Shute was originally a medieval house, much enlarged and remodelled around 1500 by Cicely Bonville who married Thomas Grey, Marquess of Dorset. In 1554 the Grey’s house was forfeited to the Crown, eventually being sold to William Pole of Colyton who made it his home. It was probably his son, Sir William Pole, a writer and Antiquary who built the gatehouse after succeeding in 1587. With its battlements and possibly genuine medieval gargoyles, the style is consciously antiquarian. During the restoration by the Landmark Trust evidence was discovered that the window on the top floor had once formed a nearly continuous band with the windows in the turrets, in keeping with the ‘more glass than wall’ fashion of the time.
With windows of this kind allowing a ‘fair prospect’ it is likely that the upper room was used as a belvedere or outlook, probably to watch the hunt taking place in the old deer park on the hill opposite. On its other side the gatehouse would have opened into a forecourt or courtyard and there is evidence that the gatehouse was at least roughly aligned on the porch in the main front of the old house. The existing flanking walls probably incorporate earlier and lower walls that would have enclosed this forecourt. The entrance to the rooms over the gate arch would have been by outside steps.
After the building activity at Shute in the 15th and 16th centuries little more was done for two hundred years and it is likely that for most of the 18th century the house saw only the minimum of maintenance. With Shute by this time probably dilapidated, John William Pole, who had inherited Shute as a three-year old orphan, set about building a new Shute House on an entirely new site in the light and restrained style of Robert Adam. He preserved the old gatehouse as an interesting entrance to his newly landscaped park with the drive passing through it and on up to his modern mansion on the hill. Unfortunately the greater part of the old Bonville house blocked the intended route and so this was demolished, leaving only what might have been the medieval high end as adapted in the Tudor period. Round the gatehouse itself the ground was made to run up to parapet height on refashioned screen walls.

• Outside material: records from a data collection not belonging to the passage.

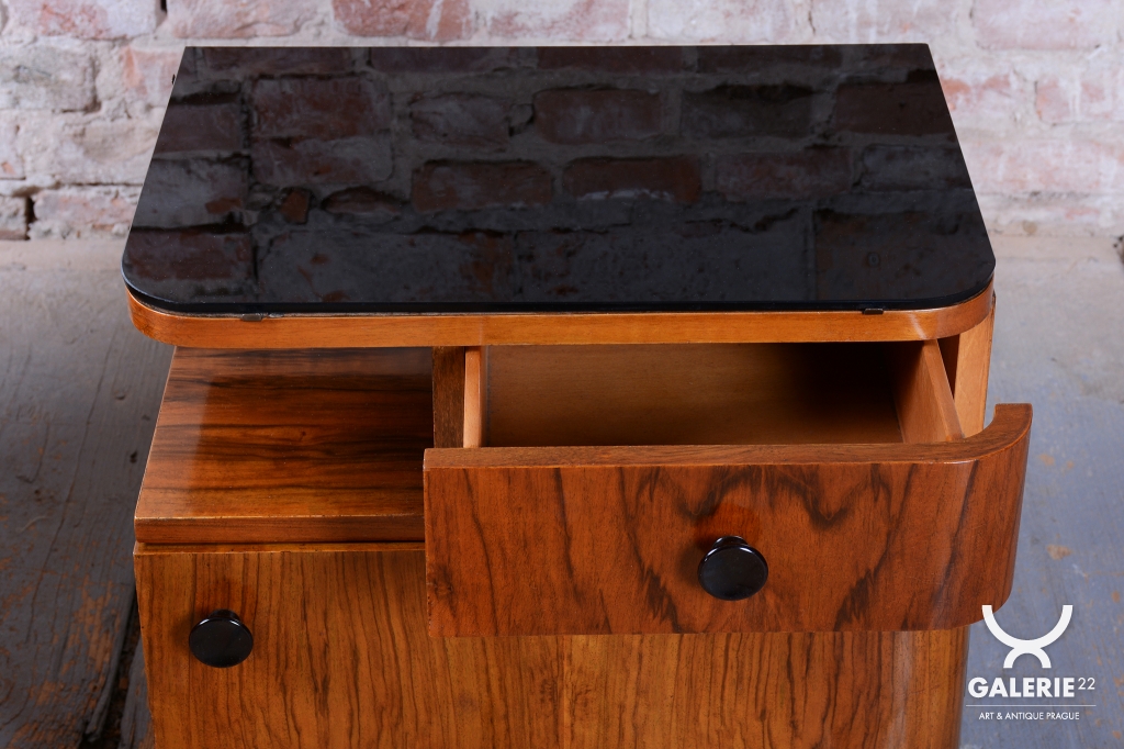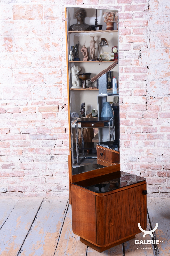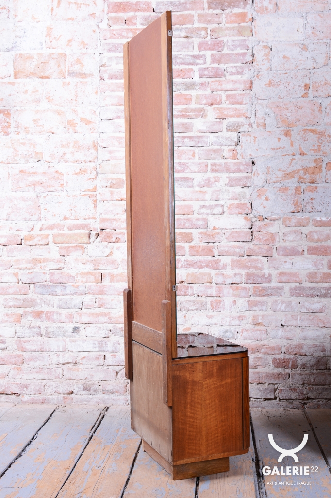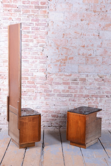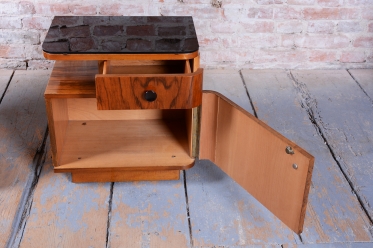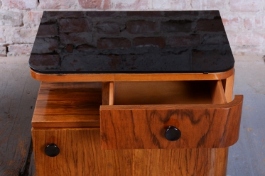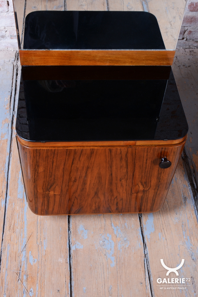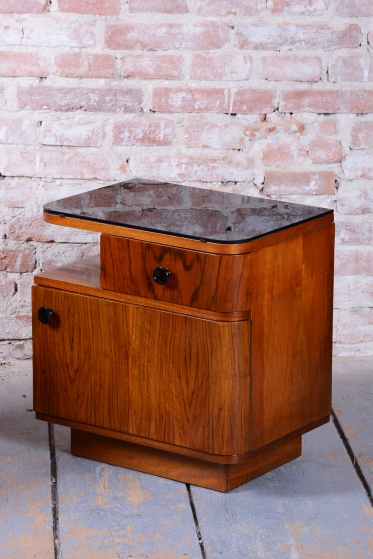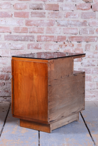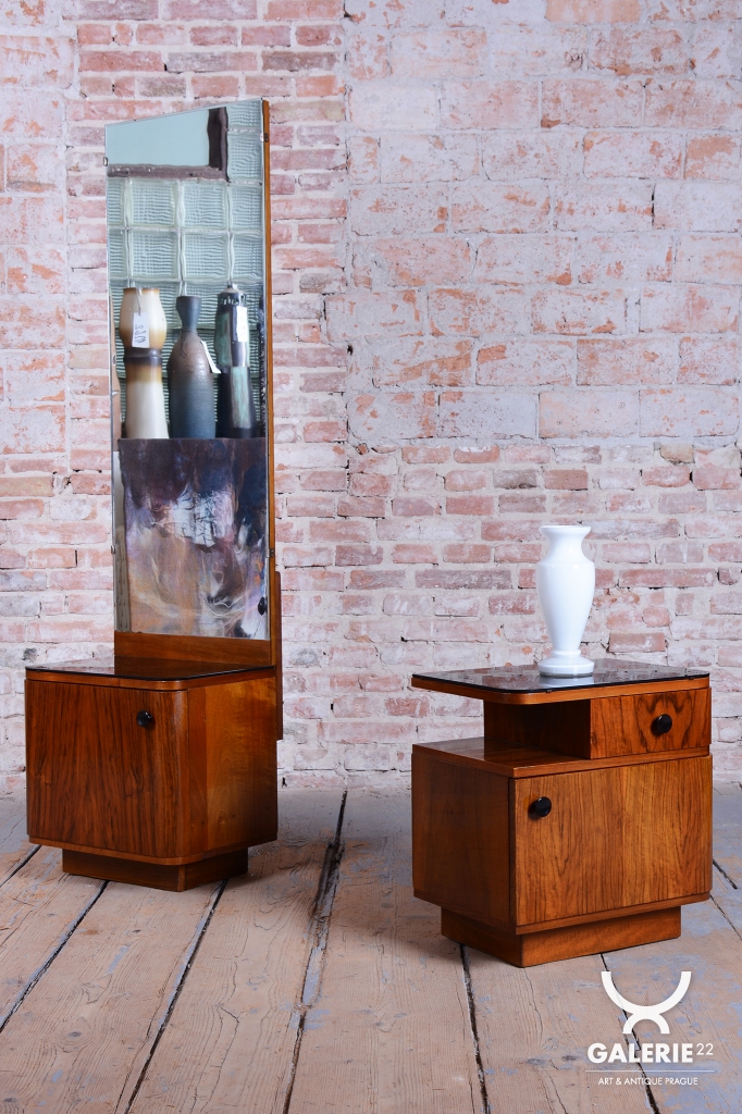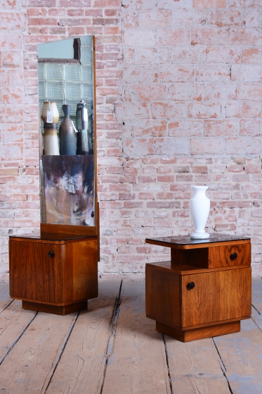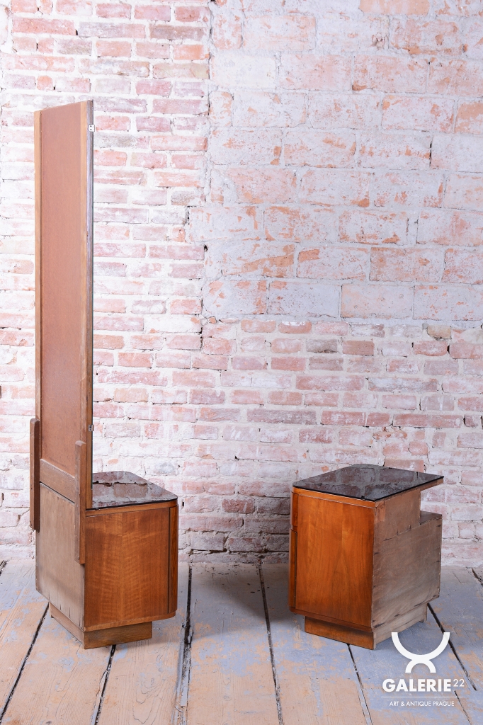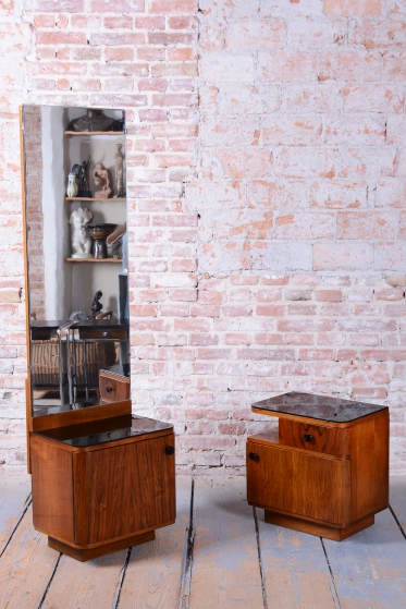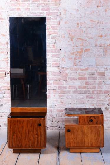 We present an exceptional bedroom furniture set consisting of an elegant vanity table and a single (originally asymmetrical) nightstand. This set represents a fascinating fusion of the elegance of Art Deco and the clean lines of the Mid-Century Modern style, dating to the transition period between these two iconic eras.
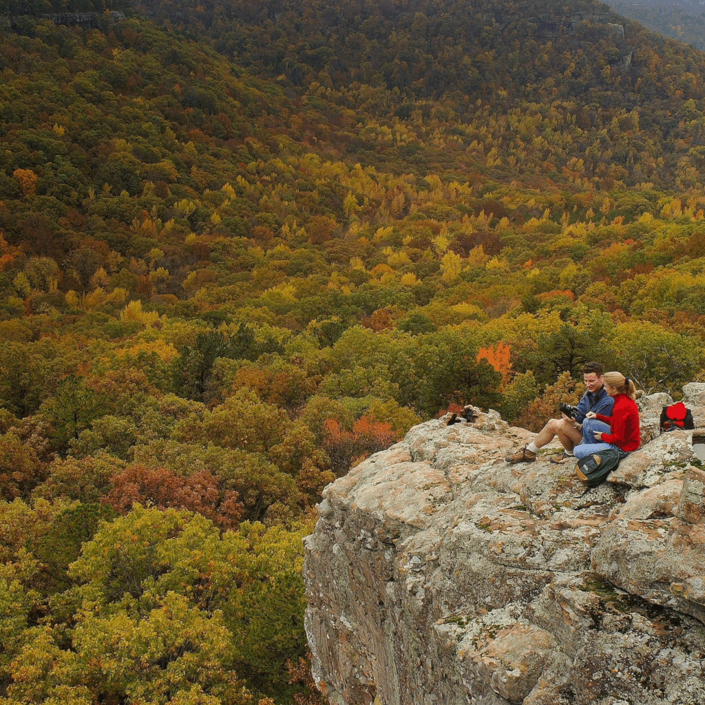 After the train ride, you’ll head to Devil’s Den to hike the Yellow Rock Overlook which is an easy to moderate 2.7 mile loop with an overlook that will give foliage views of the Lee Creek Valley.
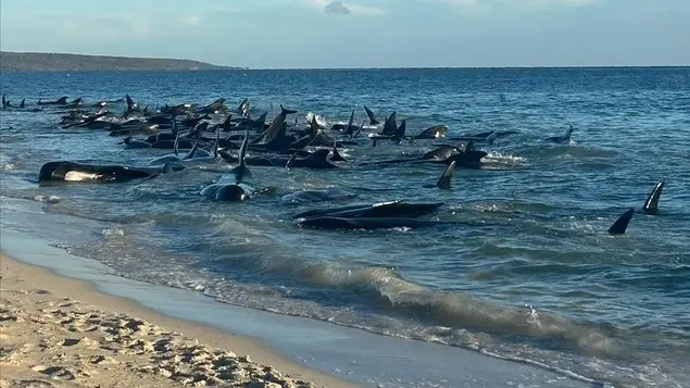 وأوضحت هيئة المتنزهات والحياة البرية في غرب أستراليا أن الحيتان جنحت في المياه الضحلة بالقرب من بلدة دنسبورو الصغيرة، التي تبعد حوالي 250 كيلومترا جنوب بيرث.
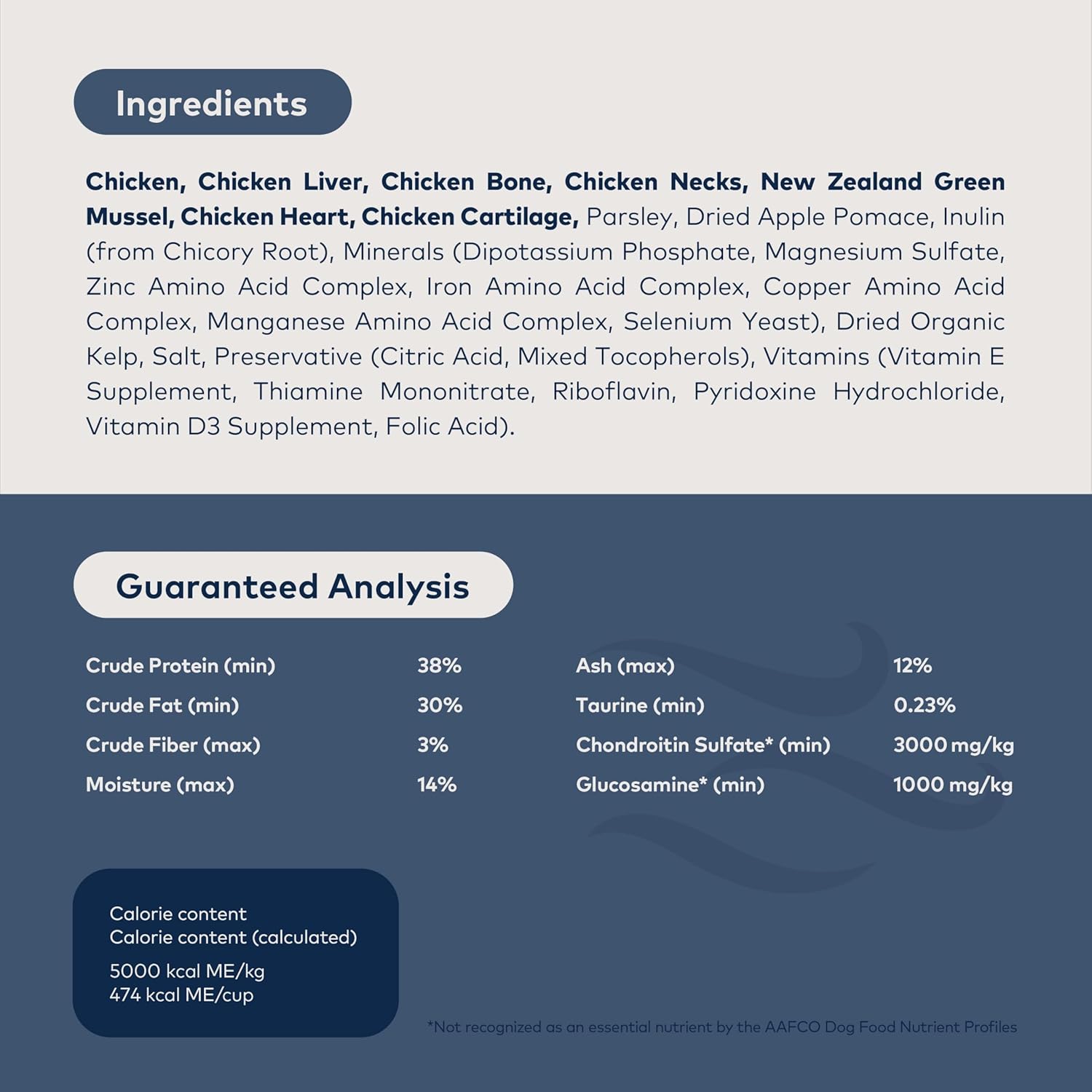 - HIGH PROTEIN, NUTRIENT DENSE: Featuring free-range Chicken, Organs, Bone, and New Zealand Green Mussels, this grain-free dog food delivers nutrition with a mouth-watering taste for all dogs. Gentle air dried processing retains the goodness of the raw ingredients. This food offers stimulating crunchy texture small enough for puppy food but soft enough for senior dog food.
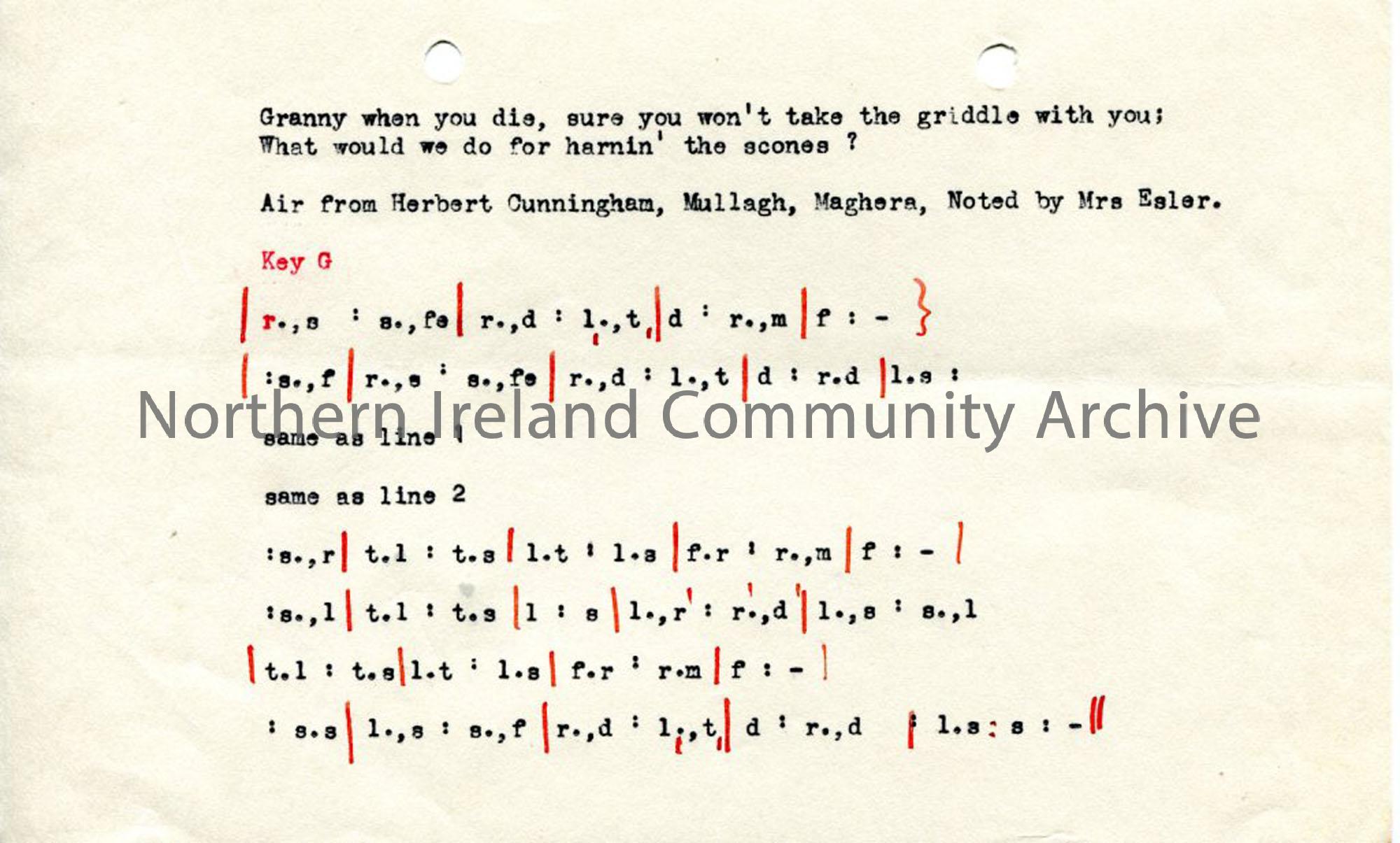 Typed tonic sol-fa notation under heading 'Granny when you die, sure you won't take the griddle with you; What would we do for harnin' the scones'
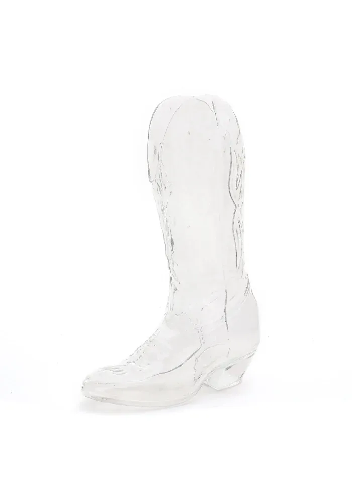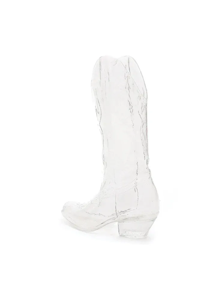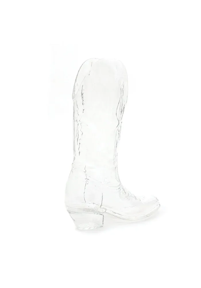 Vase Crystalbootie en forme de botte de cowboy en verre transparent.

What is not known is whether the gatehouse was lived in as well as the side lodges. Records come only with the first full census return of 1841, which lists two households under ‘Lodge’ and ‘Lodge Wing’. This, and later census returns show the buildings to be occupied by a variety of families, probably employed on the farm or estate, involved in various trades such as agricultural labourers, carpenters, gardeners and a dairyman. By 1871, one occupier was Job Adams, a bailiff or farm manager, either for the Shute estate or the tenant of Shute Barton.
The final stages
During the 1870’s the two side lodges were taken down and replaced by the existing pavilions, which echo the Elizabethan architecture of the gatehouse itself. A carpenter’s shop which had been on the site also disappeared in the general tidying up. In 1926 the Shute estate was inherited by Sir John Carew-Pole. He lived at Antony in Cornwall and so not not needed as a home Shute House became a girls’ school in 1933. Shute Barton continued as a tenant farm until, after being empty for some time, Sir John repaired it and gave it to the National Trust in 1959.
The last people to live in the gatehouse were the Newbys. Mr Newby was a caretaker to the school, and his wife Mary, the daughter of a former agent for the Shute estate, continued to live on in the gatehouse after her husband’s death, without running water or electricity, until about 1958 when ill-health forced her to move out. It remained empty from then until 1981, with the arrival of the first Landmark clients.